- [Prompt]:
Retype the listing exactly; omit pictures.
[Data provided Boundary: Start]
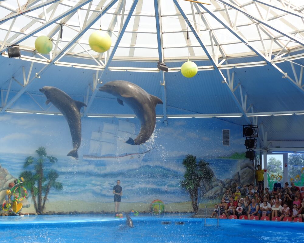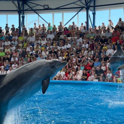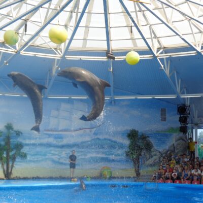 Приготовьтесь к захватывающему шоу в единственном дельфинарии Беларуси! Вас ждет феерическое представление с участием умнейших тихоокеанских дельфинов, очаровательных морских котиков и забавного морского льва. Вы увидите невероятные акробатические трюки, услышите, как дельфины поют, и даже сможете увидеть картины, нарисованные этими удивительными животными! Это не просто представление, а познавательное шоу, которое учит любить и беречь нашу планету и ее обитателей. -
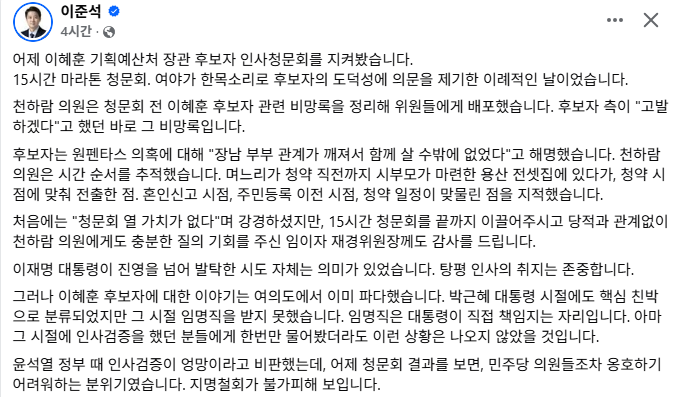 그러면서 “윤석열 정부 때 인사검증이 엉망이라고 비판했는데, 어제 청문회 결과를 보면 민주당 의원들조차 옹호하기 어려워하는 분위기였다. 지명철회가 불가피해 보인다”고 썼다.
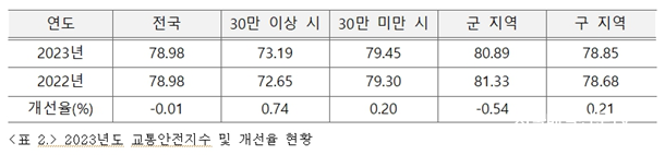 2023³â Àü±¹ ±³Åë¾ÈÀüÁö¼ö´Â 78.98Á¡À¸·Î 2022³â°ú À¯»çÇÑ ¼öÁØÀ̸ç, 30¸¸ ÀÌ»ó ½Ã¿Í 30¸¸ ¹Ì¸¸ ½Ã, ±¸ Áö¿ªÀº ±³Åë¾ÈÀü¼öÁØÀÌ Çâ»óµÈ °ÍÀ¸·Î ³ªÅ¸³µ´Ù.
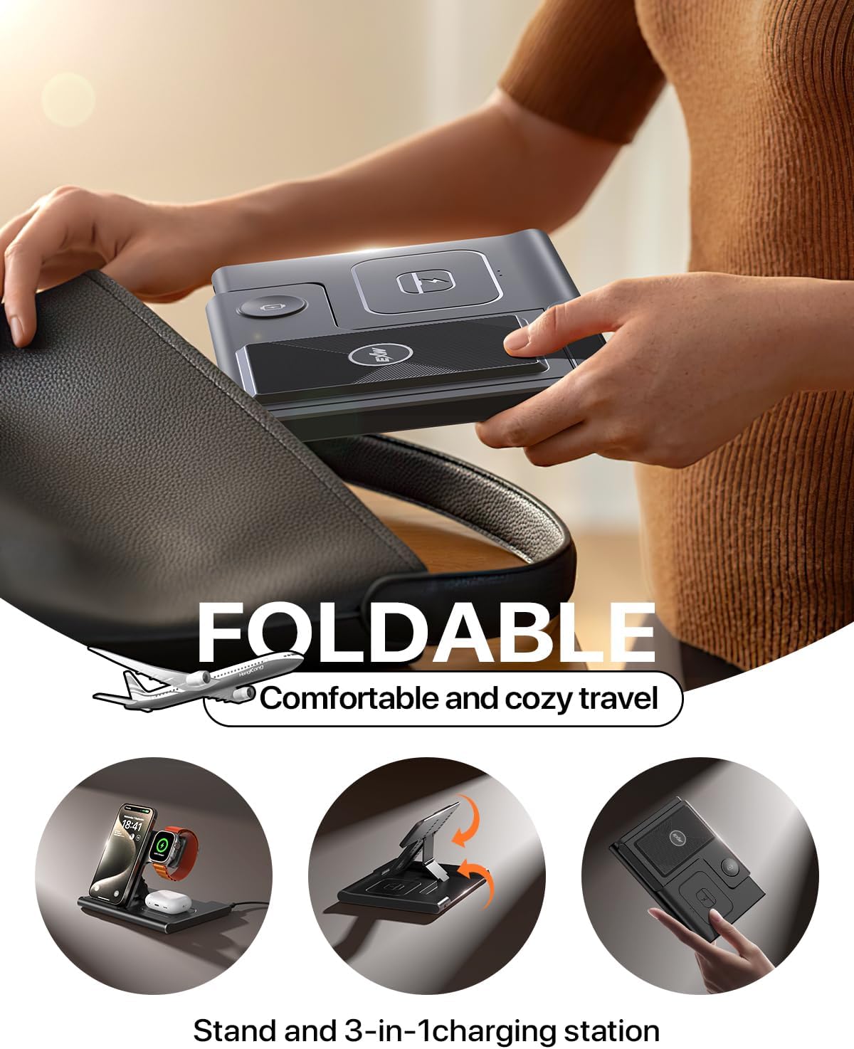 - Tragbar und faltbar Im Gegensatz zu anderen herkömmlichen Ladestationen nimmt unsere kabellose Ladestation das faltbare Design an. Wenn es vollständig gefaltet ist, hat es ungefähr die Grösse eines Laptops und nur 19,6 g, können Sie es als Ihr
[Data provided Boundary: End]
- [Reply]:
 Приготовьтесь к захватывающему шоу в единственном дельфинарии Беларуси! Вас ждет феерическое представление с участием умнейших тихоокеанских дельфинов, очаровательных морских котиков и забавного морского льва. Вы увидите невероятные акробатические трюки, услышите, как дельфины поют, и даже сможете увидеть картины, нарисованные этими удивительными животными! Это не просто представление, а познавательное шоу, которое учит любить и беречь нашу планету и ее обитателей. -
 그러면서 “윤석열 정부 때 인사검증이 엉망이라고 비판했는데, 어제 청문회 결과를 보면 민주당 의원들조차 옹호하기 어려워하는 분위기였다. 지명철회가 불가피해 보인다”고 썼다.
 2023³â Àü±¹ ±³Åë¾ÈÀüÁö¼ö´Â 78.98Á¡À¸·Î 2022³â°ú À¯»çÇÑ ¼öÁØÀ̸ç, 30¸¸ ÀÌ»ó ½Ã¿Í 30¸¸ ¹Ì¸¸ ½Ã, ±¸ Áö¿ªÀº ±³Åë¾ÈÀü¼öÁØÀÌ Çâ»óµÈ °ÍÀ¸·Î ³ªÅ¸³µ´Ù.
 - Tragbar und faltbar Im Gegensatz zu anderen herkömmlichen Ladestationen nimmt unsere kabellose Ladestation das faltbare Design an. Wenn es vollständig gefaltet ist, hat es ungefähr die Grösse eines Laptops und nur 19,6 g, können Sie es als Ihr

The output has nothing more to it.